-------- MATERIAL FOR THIS TASK

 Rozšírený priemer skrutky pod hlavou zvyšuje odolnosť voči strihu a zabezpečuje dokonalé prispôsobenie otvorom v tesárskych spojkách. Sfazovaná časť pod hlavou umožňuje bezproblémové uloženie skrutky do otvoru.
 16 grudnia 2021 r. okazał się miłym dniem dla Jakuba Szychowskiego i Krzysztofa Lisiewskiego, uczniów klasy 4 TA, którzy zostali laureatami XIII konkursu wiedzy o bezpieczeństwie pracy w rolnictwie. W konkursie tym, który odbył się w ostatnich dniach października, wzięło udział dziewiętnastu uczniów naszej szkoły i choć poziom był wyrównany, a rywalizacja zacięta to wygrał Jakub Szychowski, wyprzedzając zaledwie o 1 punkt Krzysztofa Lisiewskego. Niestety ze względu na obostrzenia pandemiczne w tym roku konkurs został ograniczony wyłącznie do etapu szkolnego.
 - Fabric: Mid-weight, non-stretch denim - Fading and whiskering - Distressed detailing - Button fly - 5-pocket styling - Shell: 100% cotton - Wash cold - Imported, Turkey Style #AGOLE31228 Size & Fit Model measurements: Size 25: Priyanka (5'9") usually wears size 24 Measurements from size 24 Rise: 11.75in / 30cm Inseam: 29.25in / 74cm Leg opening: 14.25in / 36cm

----------------
-------- MATERIAL FOR THIS TASK

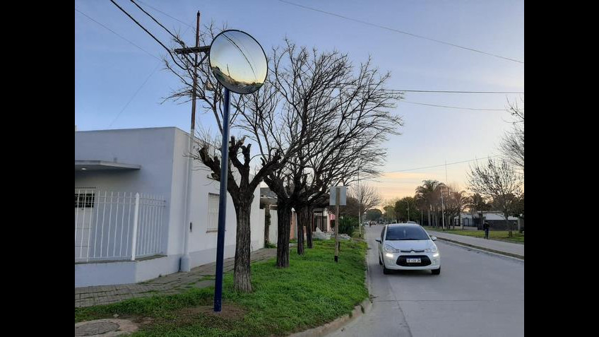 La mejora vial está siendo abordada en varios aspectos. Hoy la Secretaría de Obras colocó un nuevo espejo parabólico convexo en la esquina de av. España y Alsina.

----------------

WORK REQUIRED: Using the records above, restate word for word the lines from the one with "Rozšírený priemer skrutky" through the one with "- Fabric: Mid-weight, non-stretch", both included.

THE COMPLETED TASK:
 Rozšírený priemer skrutky pod hlavou zvyšuje odolnosť voči strihu a zabezpečuje dokonalé prispôsobenie otvorom v tesárskych spojkách. Sfazovaná časť pod hlavou umožňuje bezproblémové uloženie skrutky do otvoru.
 16 grudnia 2021 r. okazał się miłym dniem dla Jakuba Szychowskiego i Krzysztofa Lisiewskiego, uczniów klasy 4 TA, którzy zostali laureatami XIII konkursu wiedzy o bezpieczeństwie pracy w rolnictwie. W konkursie tym, który odbył się w ostatnich dniach października, wzięło udział dziewiętnastu uczniów naszej szkoły i choć poziom był wyrównany, a rywalizacja zacięta to wygrał Jakub Szychowski, wyprzedzając zaledwie o 1 punkt Krzysztofa Lisiewskego. Niestety ze względu na obostrzenia pandemiczne w tym roku konkurs został ograniczony wyłącznie do etapu szkolnego.
 - Fabric: Mid-weight, non-stretch denim - Fading and whiskering - Distressed detailing - Button fly - 5-pocket styling - Shell: 100% cotton - Wash cold - Imported, Turkey Style #AGOLE31228 Size & Fit Model measurements: Size 25: Priyanka (5'9") usually wears size 24 Measurements from size 24 Rise: 11.75in / 30cm Inseam: 29.25in / 74cm Leg opening: 14.25in / 36cm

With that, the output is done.